Human-computer interactions are funny. We don’t usually think alike, us and our computers, but we do manage to complement each other, most of the time. But a lot gets lost in the translation. This ground-shattering realization came to me as I appreciated the winding path by which I figured out a minor little detail.

For background: the father of a friend wrote a diary about his experience working on the Manhattan Project. The several hundred page diary, unfortunately, is only found in a text file on a 5.25″ floppy disc. My friend has a very old personal computer that can read it, but it’s from the pre-Internet, pre-USB era. I know that there are likely companies that will transfer such legacy files, and you could probably pay someone to retype it (which would require giving them the original computer and disc), but he was wondering if there was some easier way to transfer the text to a modern file, through some combination of transfers from 5.25″ floppy to Zip drive to who-knows-what. Let this be a lesson for those who think backwards compatibility is limited to upgrading from Word 2007 to Word 2010.
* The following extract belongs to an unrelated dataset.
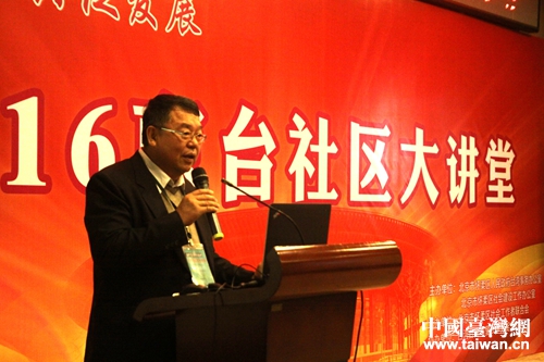 臺南市里長事務促進協會理事長蔡崇明介紹社區營造經驗。(中國臺灣網 陳偉 攝)

Since hardware isn’t my cup of tea, I thought about how I would do it with the tools I have. What quickly came to mind was my memory of sitting in front of a microfilm machine in 2004, taking digital photographs of a microfilmed book on interlibrary loan, one screen at a time. My thinking was that my friend could use the same process and take it a step further: take a digital photo of each screen of text (a pain I realize, but something we do all the time in the archives these days, unless we happen to research at the British Library), import them into OCR software (like ABBYY FineReader) and convert it all to text. Not the most elegant of techniques I realize, but that’s probably the route I would take if it was me.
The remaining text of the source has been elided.